1. The color fundus image cup segmentation method based on deep learning comprises the following steps:

(1) inputting a fundus image, and extracting a region-of-interest video area as a cup segmentation area;

(2) performing cup segmentation on the video area;

(3) optimizing a residual error structure;

(4) adjusting the response value of each characteristic channel by adopting a channel weighting structure;

(5) fusing the high-level features with the bottom-level features;

(6) and outputting the cup segmentation result by using a Seg-ResNet network.
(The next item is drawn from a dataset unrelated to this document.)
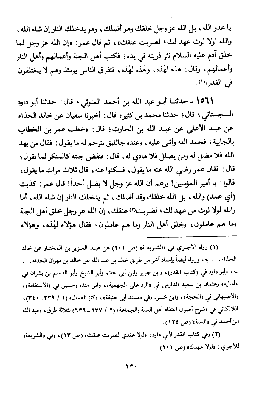 1561 - حَدَّثَنَا أَبُو عَبْدِ اللَّهِ بْنُ أَحْمَدَ الْمَتُّوثِيُّ، قَالَ: حَدَّثَنَا أَبُو دَاوُدَ السِّجِسْتَانِيُّ، قَالَ: حَدَّثَنَا مُحَمَّدُ بْنُ كَثِيرٍ، قَالَ: أَخْبَرَنَا سُفْيَانُ، عَنْ خَالِدٍ الْحَذَّاءِ، عَنْ عَبْدِ الْأَعْلَى، عَنْ عَبْدِ اللَّهِ بْنِ الْحَارِثِ، قَالَ: خَطَبَ عُمَرُ بْنُ الْخَطَّابِ بِالْجَابِيَةِ، فَحَمِدَ اللَّهَ وَأَثْنَى عَلَيْهِ، وَعِنْدَهُ جَاثَلِيقُ يُتَرْجِمُ لَهُ مَا يَقُولُ: فَقَالَ: §مَنْ يَهْدِ اللَّهُ فَلَا مُضِلَّ لَهُ، وَمَنْ يُضْلِلْ فَلَا هَادِيَ لَهُ قَالَ: فَنَفَضَ جُبَّتَهُ كَالْمُنْكِرِ لِمَا يَقُولُ، قَالَ: فَقَالَ عُمَرُ رَضِيَ اللَّهُ عَنْهُ: مَا يَقُولُ؟ فَسَكَتُوا عَنْهُ، قَالَ ثَلَاثَ مَرَّاتٍ: مَا يَقُولُ؟ قَالُوا: يَا أَمِيرَ الْمُؤْمِنِينَ، يَزْعُمُ أَنَّ اللَّهَ عَزَّ وَجَلَّ لَا يُضِلُّ أَحَدًا، قَالَ عُمَرُ: كَذَبْتَ أَيْ عَدُوَّ اللَّهِ، بَلِ اللَّهُ خَلَقَكَ وَقَدْ أَضَلَّكَ، ثُمَّ يُدْخِلُكَ النَّارَ إِنْ شَاءَ اللَّهُ، أَمَا وَاللَّهِ لَوْلَا لَوْثٌ مِنْ عَهْدٍ لَكَ، لَضَرَبْتُ عُنُقَكَ، إِنَّ اللَّهَ عَزَّ وَجَلَّ خَلَقَ أَهْلَ الْجَنَّةِ وَمَا هُمْ عَامِلُونَ، وَخَلَقَ أَهْلَ النَّارِ وَمَا هُمْ عَامِلُونَ، فَقَالَ: هَؤُلَاءِ لِهَذِهِ وَهَؤُلَاءِ -[131]- لِهَذِهِ، قَالَ: فَتَفَرَّقَ النَّاسُ وَمَا يَخْتَلِفُونَ فِي الْقَدَرِ "
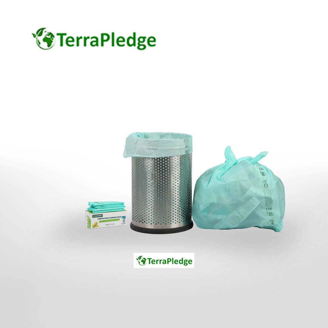 100% Compostable Eco-friendly Garbage Bags I SMALL (17 x 19 in.) I 15 bags per pack I Capacity 20L I Green Colour

2. The method of claim 1, wherein in step (3), ResNet based network is used to optimize residual block computation, and 1 x 1+3 x 3+1 x 1 tri-layer convolution is used to replace 3 x 3 bi-layer convolution, with dimensionality reduction computation being first performed under one 1 x 1 convolution filter, optimizing the middle 3 x 3 convolution layer in the structure, and dimensionality reduction being finally performed by another 1 x 1 convolution filter.

3. The method according to claim 1, wherein in step (4), a channel weighting structure is adopted to adjust the response value of each feature channel, the compression stage compresses the two-dimensional feature map output by each layer to one dimension by using global average pooling, and the one-dimensional features obtained by compression reflect global receptive field information of the input feature channels; in the excitation stage, learnable weights are generated for the compressed characteristic channels, and the nonlinear modeling is performed on the correlation among the characteristic channels through excitation explicit mode; the obtained output weight represents the importance degree of each characteristic channel after compression and excitation in the steps, a group of characteristics are directly output after network convolution in the weighting stage, and then the weight obtained by excitation is weighted to the directly output characteristics channel by channel through multiplication, so that the original characteristic channel is reweighed.

4. The method of claim 1, wherein in step (5), the high-level features are fused with the low-level features, the high-dimensional feature map in the encoding stage is reduced in dimension by using a1 x 1 convolution, the dimension is reduced to the same dimension as the feature map in the decoding stage for the fusion operation, the fusion is followed by reducing the dimension of the feature map by using a1 x 1 convolution kernel, and the feature fusion is then performed on the low-level feature map with the same dimension in the same manner as described above.